C’est le portrait d’une femme africaine qui a choisi de quitter son pays pour migrer. Abeni est un personnage très riche. Elle a d’abord une armure, de la distance, elle cherche à se protéger et surtout protéger ses enfants, c’est une louve. Elle livre ses secrets petit à petit, cela crée une connivence avec le public. Et c’est un portrait de la société irlandaise, un miroir inversé de la France car l’Irlande est un pays d’émigration, qui ne connaît l’immigration que depuis très peu de temps. Il est intéressant de voir comment les artistes s’en saisissent quasiment en temps réel, avec une grande acuité, sans recul historique. C’est aussi très bien écrit, car très documenté, et vibrant émotionnellement.

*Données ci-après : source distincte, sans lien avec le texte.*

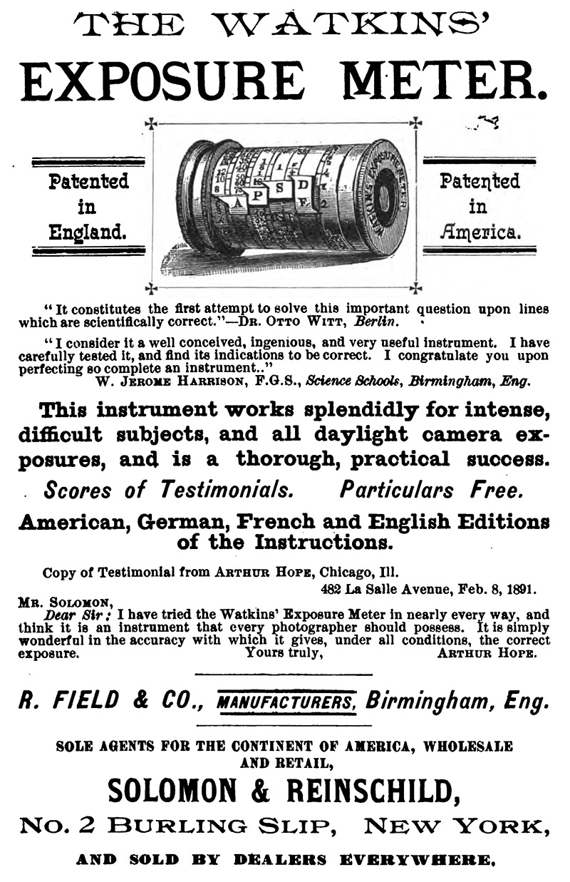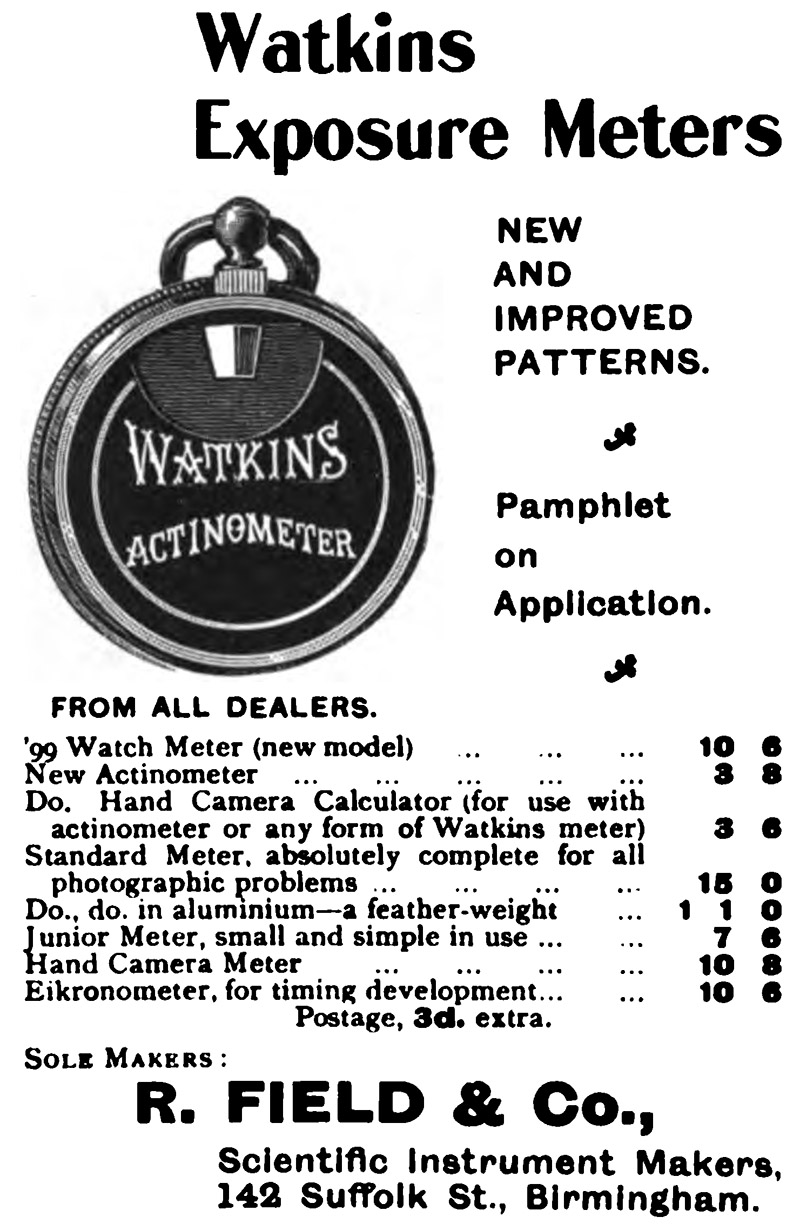 The Photographic Dealer (1899) “R. Field & Co., 142 Suffolk Street, Birmingham, send a list giving prices of Watkins' exposure meters, the merits of which are known to every photographer; the list, besides giving prices, gives also the full working instructions of the meters”, Vol. 6, page 88
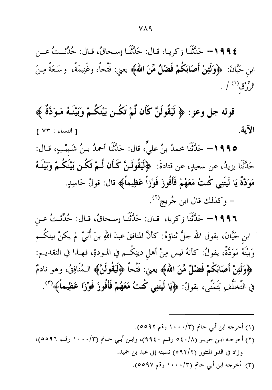 1996 - حَدَّثَنَا زكريا، قَالَ حَدَّثَنَا إِسْحَاق، قَالَ: حدثت عَنْ ابْن حيان، " يَقُول الله جل ثناؤه: كأن المنافق عَبْد اللهِ بْن أبي لم يكن بينكم وبينه مودة، كأنه ليس من أهل دينكم فِي المودة، فهذا فِي التقديم: {وَلَئِنْ أَصَابَكُمْ فَضْلٌ مِنَ اللهِ} يعني: فتحا {لَيَقُولَنَّ} المنافق، وَهُوَ نادم فِي التخلف يتمنى، يَقُول: {يَا لَيْتَنِي كُنْتُ مَعَهُمْ فَأَفُوزَ فَوْزًا عَظِيمًا} "
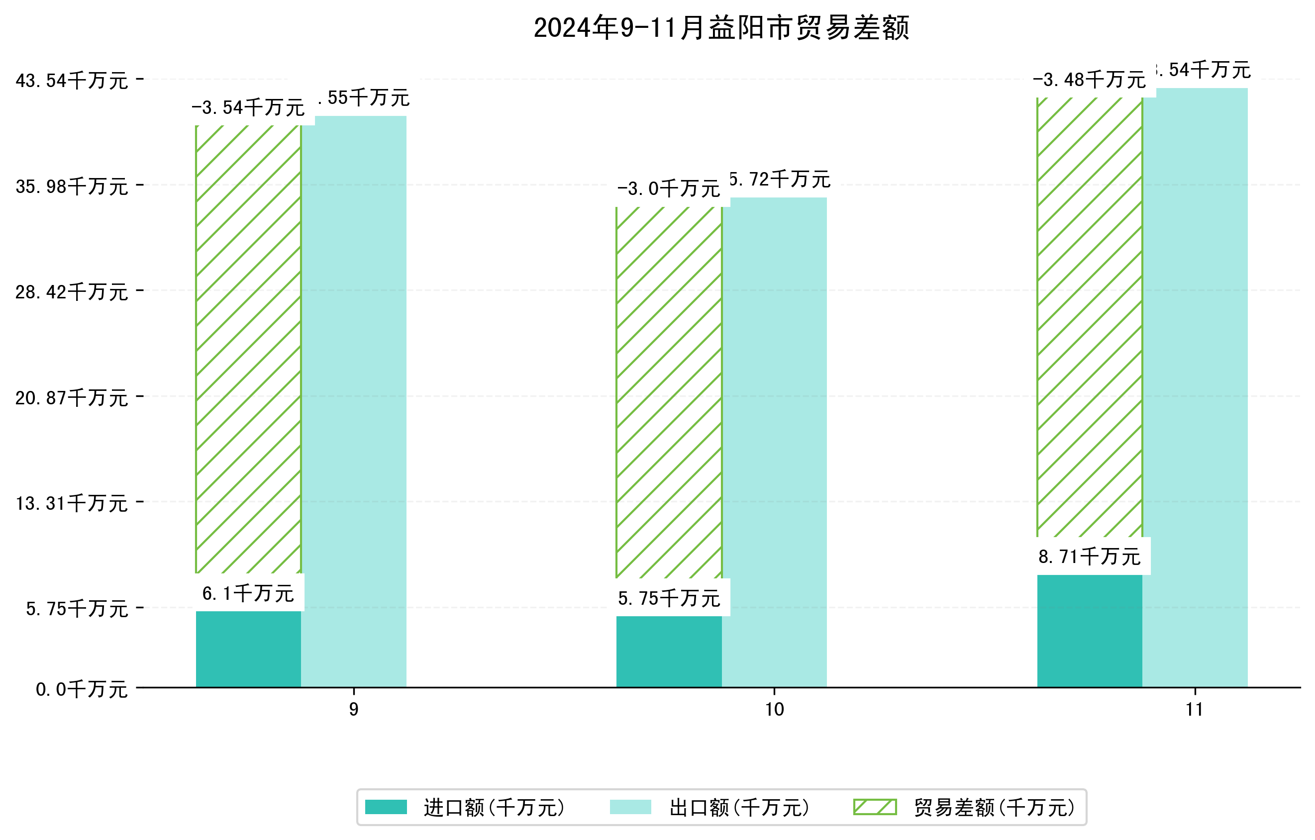 2024年11月益阳市进出口总额及进出口差额统计分析
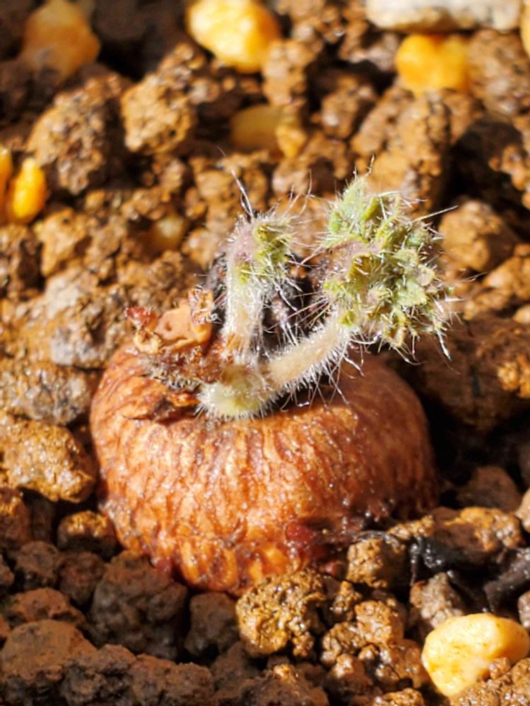 こんな小さな塊根から、沢山の花が咲き種子が採れたので、「もう目覚めないのでは?」と、心配していたら…
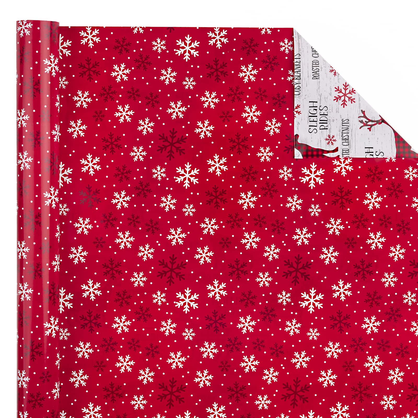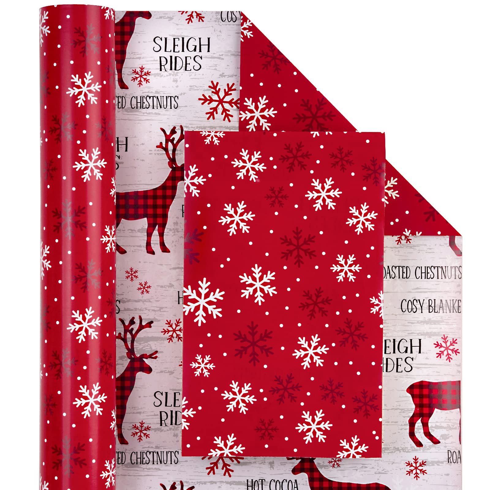 Reversible Design: Red and white snowflakes printed on one side, red and black buffalo plaid reindeer printed on the reverse. Two different designs make unique and varied gift presentations easy.
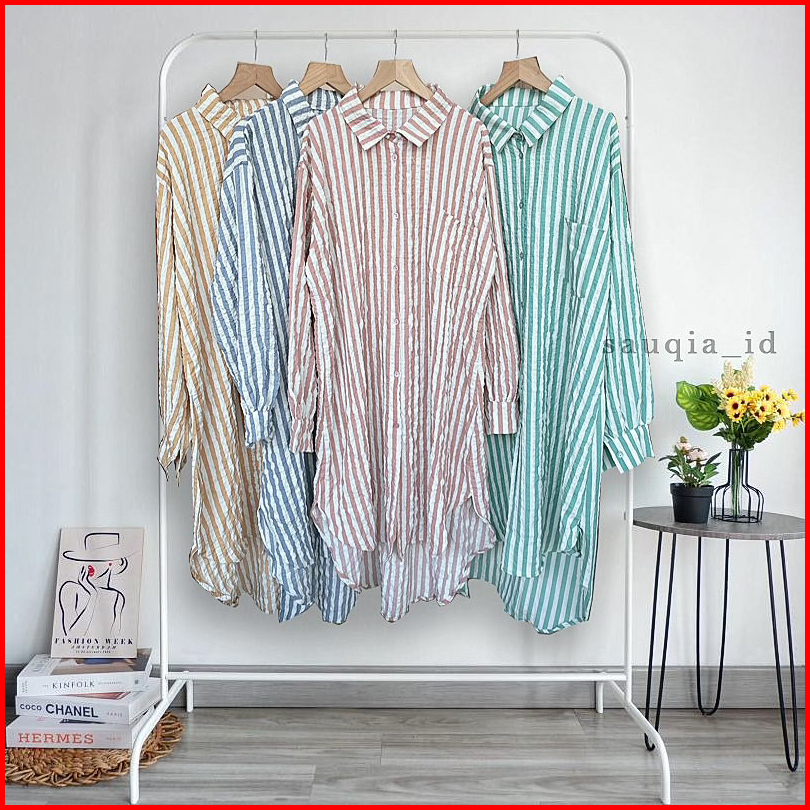 Fuka Tunik Crinkle Tunik Muslim Salur Atasan Motif Terbaru
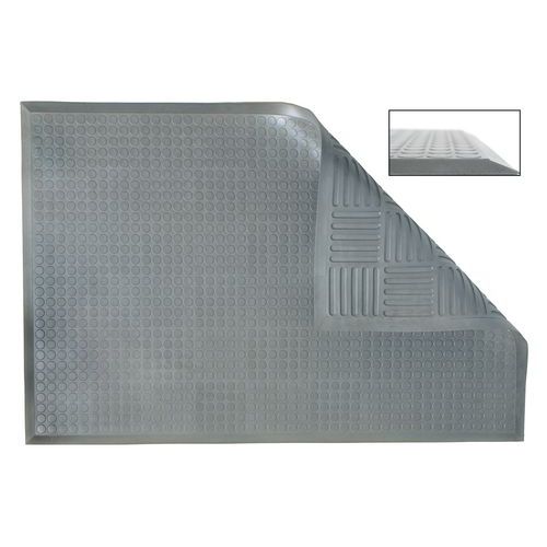 Tapis antifatigue lisse antistatique ESD Complete Uni. Conçu pour stimuler la circulation sanguine des pieds, jambes et bas du dos. Moulé en polyuréthane vierge, durable et léger. Tolère une exposition modérée aux huiles et autres liquides. Résistance électrique.
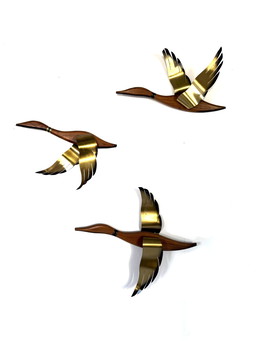 Vintage teak & messing vliegende eenden, jaren ‘60Vintage teak & messing vliegende eenden, jaren ‘60
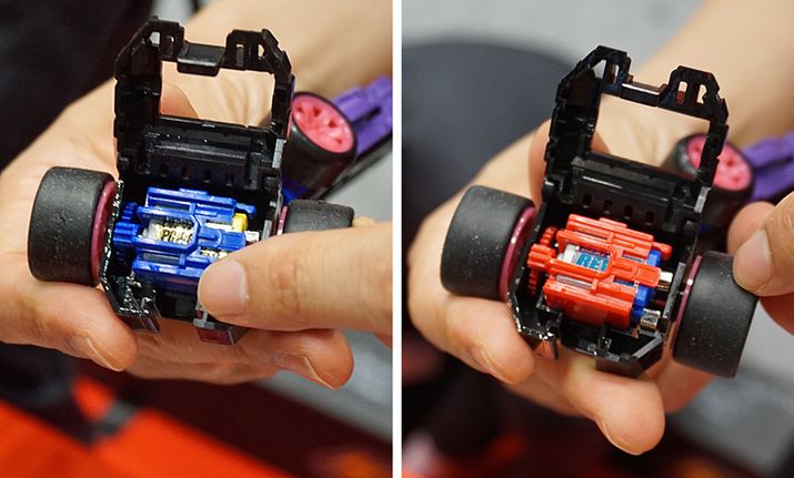 一番興味をひかれたのはリアユニット。スピード優先、バランス重視、パワー強化といったモーターとギアがあり、それらを組み合わせて作る。たとえば、「高速系ギア×バランス重視のモーター」(左)にすれば高速コース向けな走りとなり、「パワー系ギア×高速系モーター」(右)では両者の中間的な特性を目指せるといった具合だ
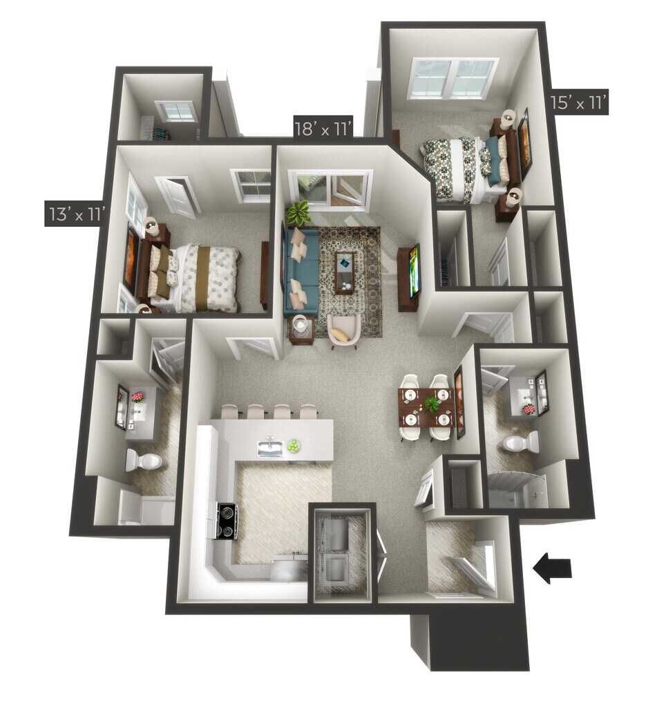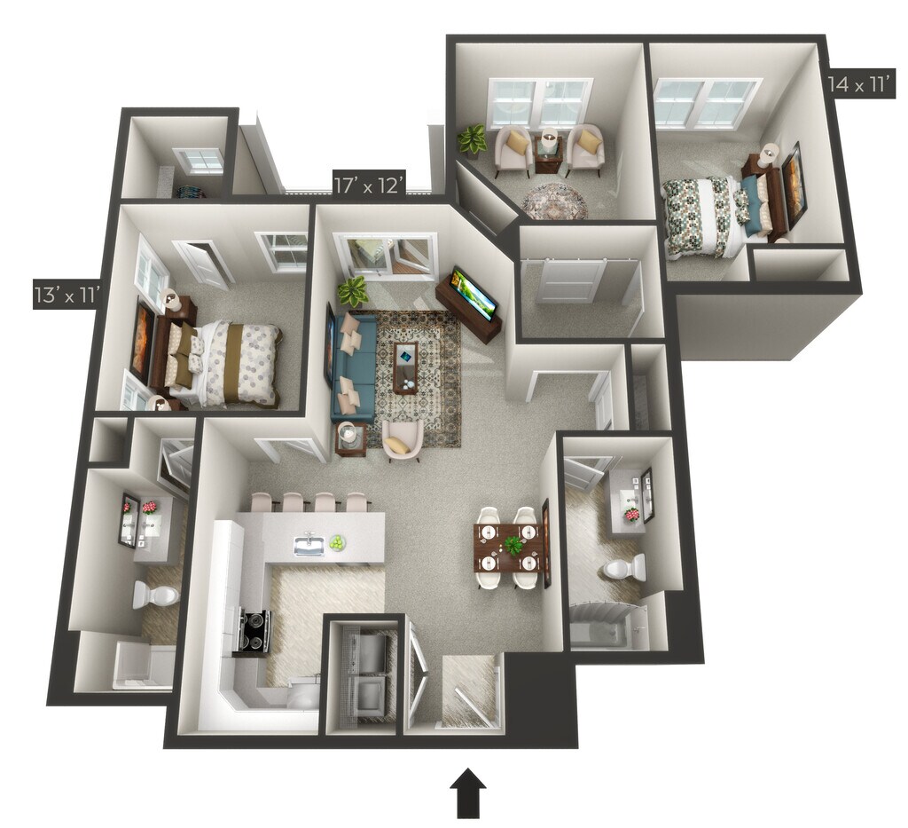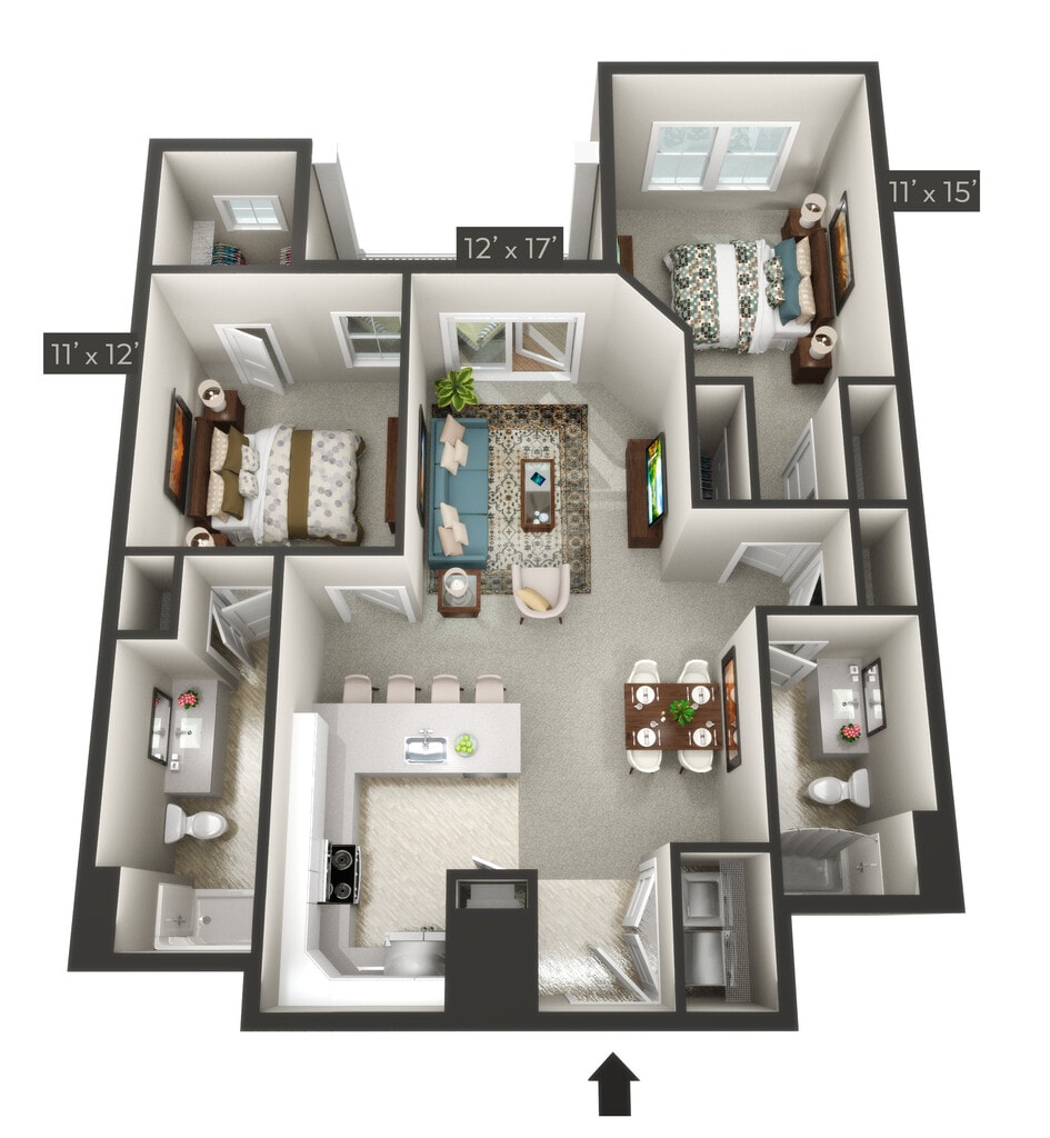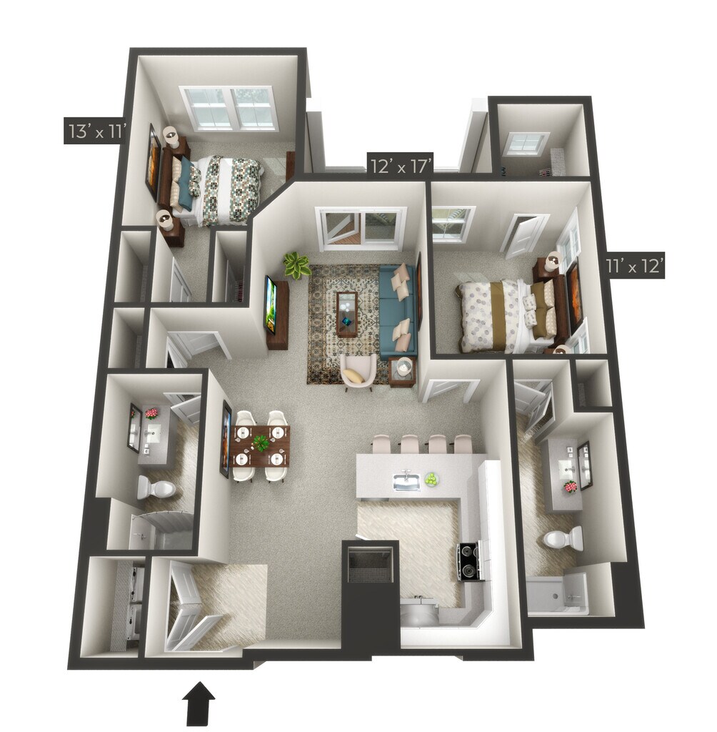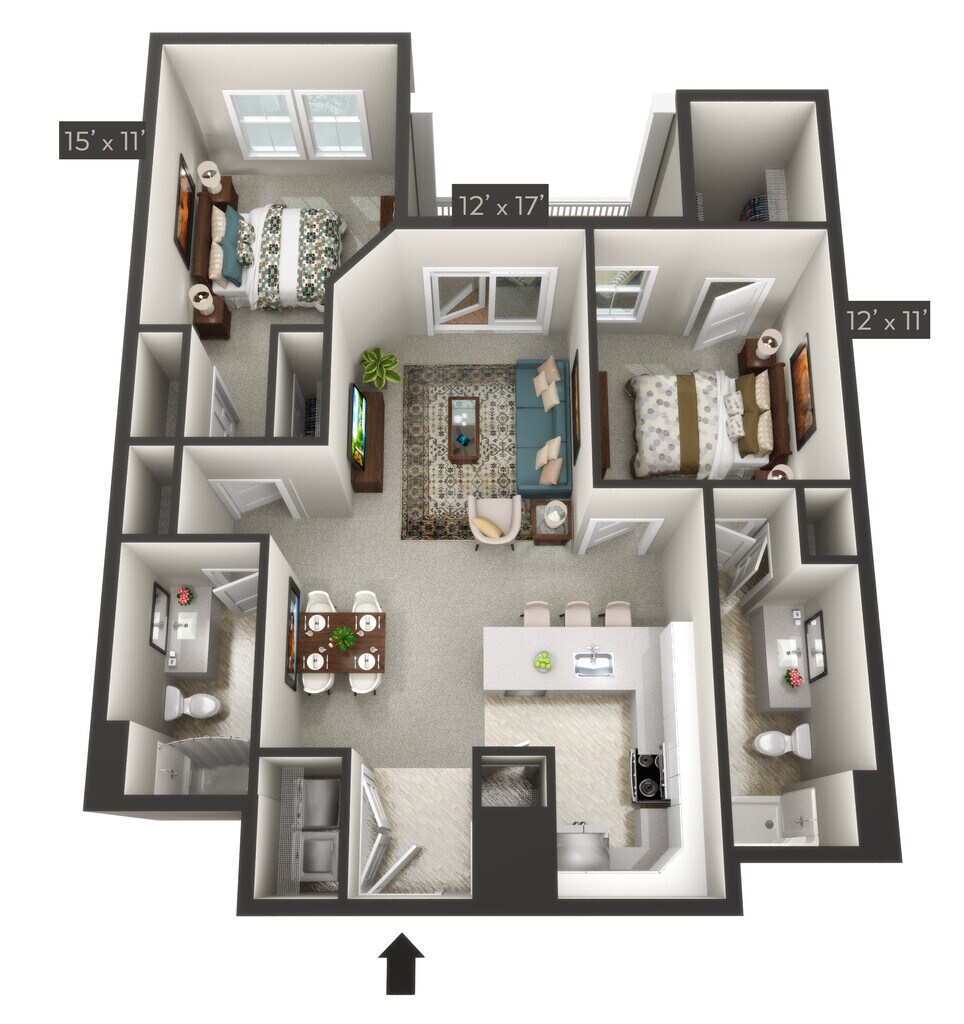 Modelo de apartamento: KetchDesde $1,8452 Dormitorios, 2 Baños, sq ftDisponible Ahora![]()

Comment vous êtes-vous préparée?
J’ai travaillé avec un coach basé à New York, habitué à faire des films avec des afro-américains qui jouent des Africains. Puis avec la mère des acteurs qui jouent mes fils. Elle est du Nigeria, nous avons eu un coup de cœur mutuel. Elle m’a accompagnée. Elle n’a pas le même parcours mais un point de vue de l’intérieur. Cela m’a aidée à construire le personnage. Au-delà de l’accent, chaque scène était prétexte à discuter. Et plus on rentre dans le détail des témoignages de survivants, rescapés, plus en tant qu’actrice notre devoir devient d’être un passeur au-delà du rôle. On veut que ça résonne, que ça touche les consciences, les cœurs des spectateurs. Pour que leur regard sur l’autre change et gagne en humanité.
«Les séries sont est train de modifier le regard sur les femmes de plus de 50 ans, les minorités, qu’elles soient ethniques ou sexuelles»
Aïssa Maïga
Consacrez-vous beaucoup de temps à développer votre carrière à l’international?
Je le fais seulement par intermittence. Je travaille mon anglais et il faut surtout savoir adopter les accents, anglo-saxons comme africains. Il n’y a pas de coach en France. C’est une technique très élaborée de phonétique, rééducation auditive, une musique, un autre type de mémoire…
Près de deux ans après la parution de Noire n’est pas mon métier, les choses ont-elles évolué?
Nous sentons qu’il s’agit d’un moment charnière. Après une décennie et demie de prise de parole dans l’espace public à propos des minorités visibles, puis de discrimination positive, puis de minorités à l’écran, on réalise que l’on a remporté une victoire symbolique. Il y a, lentement, des changements de pratique. Et une opportunité extraordinaire à travers le marché mondial, notamment grâce aux séries: il est train de modifier le regard sur les femmes de plus de 50 ans, les minorités, qu’elles soient ethniques ou sexuelles. Des espaces nouveaux de narration se créent. Ce que l’on a réclamé à cor et à cri est en train de s’incarner à travers la mutation du marché. On a tendu des perches à notre milieu professionnel qui étaient en réaction, en résistance, et, aujourd’hui, il se rend compte que, s’il veut rester de plain-pied dans la modernité, être compétitif, que ses histoires continuent à voyager, il est obligé de nous inclure.